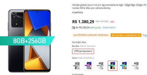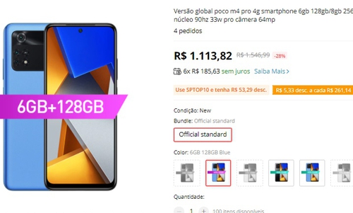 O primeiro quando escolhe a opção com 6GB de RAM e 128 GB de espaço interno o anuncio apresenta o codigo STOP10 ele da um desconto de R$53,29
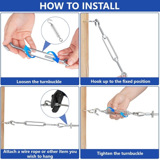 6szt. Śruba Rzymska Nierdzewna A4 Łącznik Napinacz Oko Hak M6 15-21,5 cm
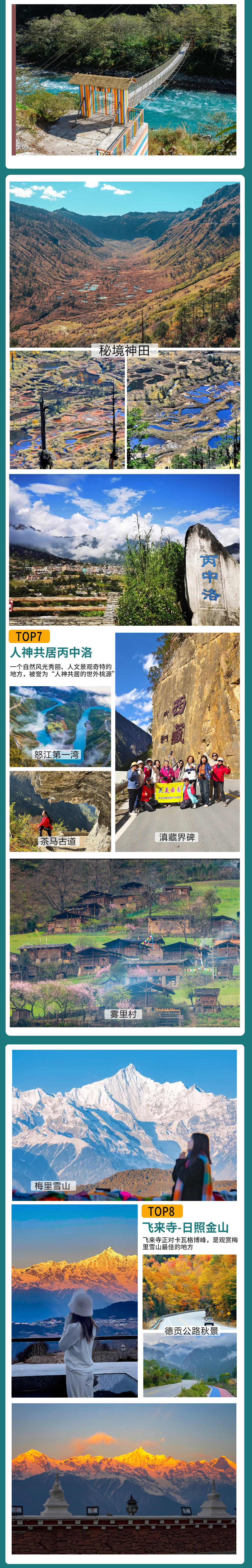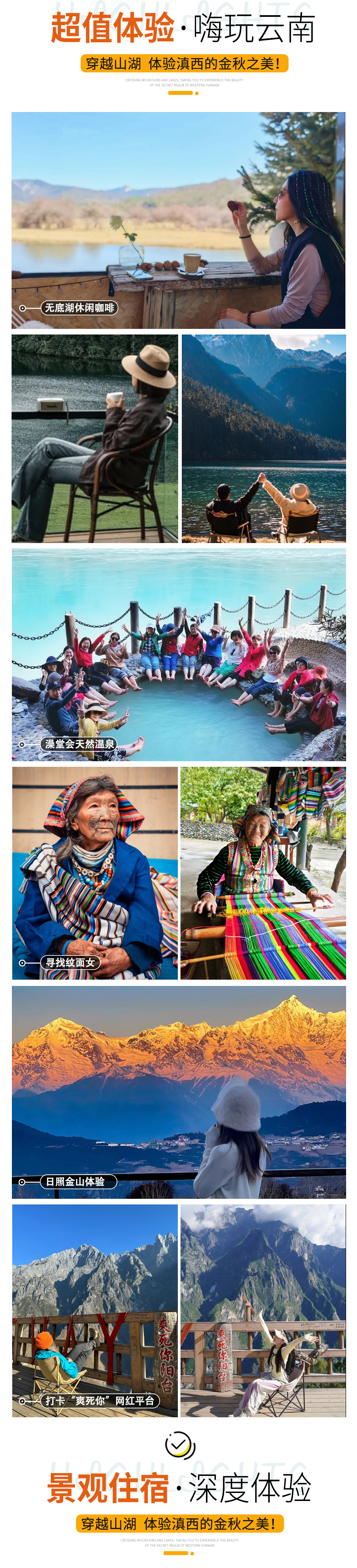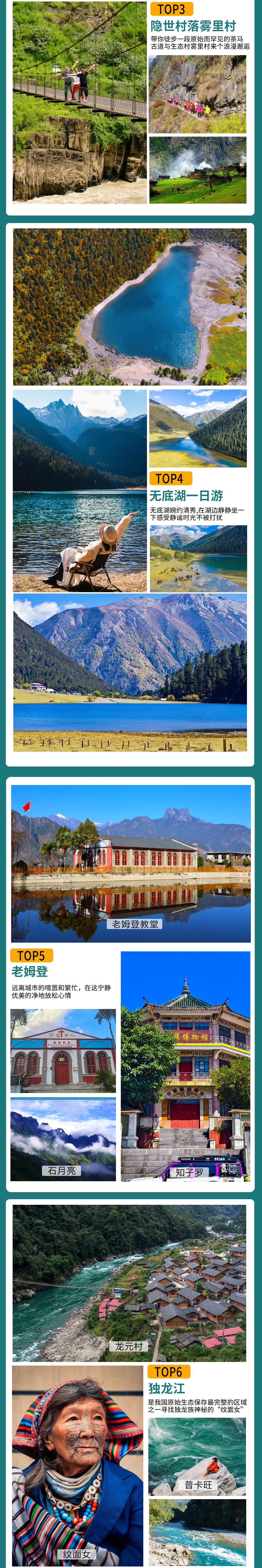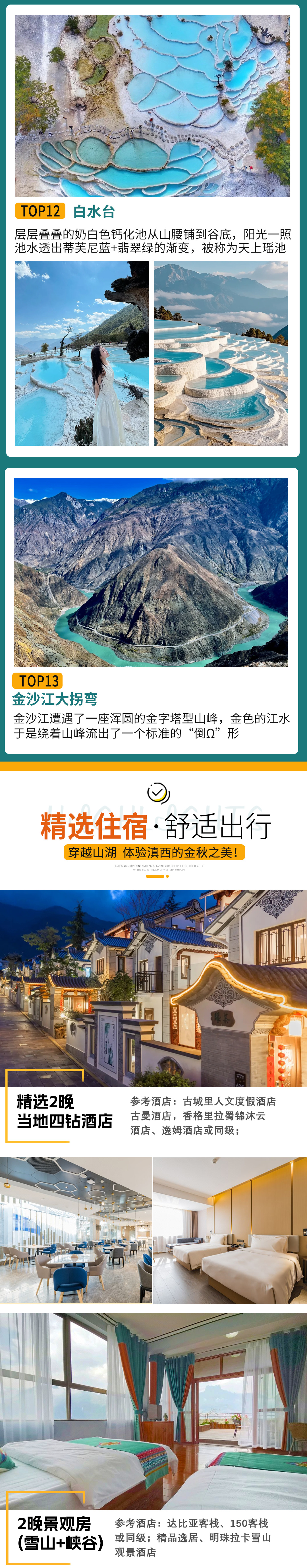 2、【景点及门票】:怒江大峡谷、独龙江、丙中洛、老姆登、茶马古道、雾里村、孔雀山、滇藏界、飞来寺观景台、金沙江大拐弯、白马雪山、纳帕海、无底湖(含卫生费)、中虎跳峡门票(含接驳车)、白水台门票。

**Required action**
The expected output is the material above, repeated exactly and free of pictures.

**Answer box**
 O primeiro quando escolhe a opção com 6GB de RAM e 128 GB de espaço interno o anuncio apresenta o codigo STOP10 ele da um desconto de R$53,29
 6szt. Śruba Rzymska Nierdzewna A4 Łącznik Napinacz Oko Hak M6 15-21,5 cm
 2、【景点及门票】:怒江大峡谷、独龙江、丙中洛、老姆登、茶马古道、雾里村、孔雀山、滇藏界、飞来寺观景台、金沙江大拐弯、白马雪山、纳帕海、无底湖(含卫生费)、中虎跳峡门票(含接驳车)、白水台门票。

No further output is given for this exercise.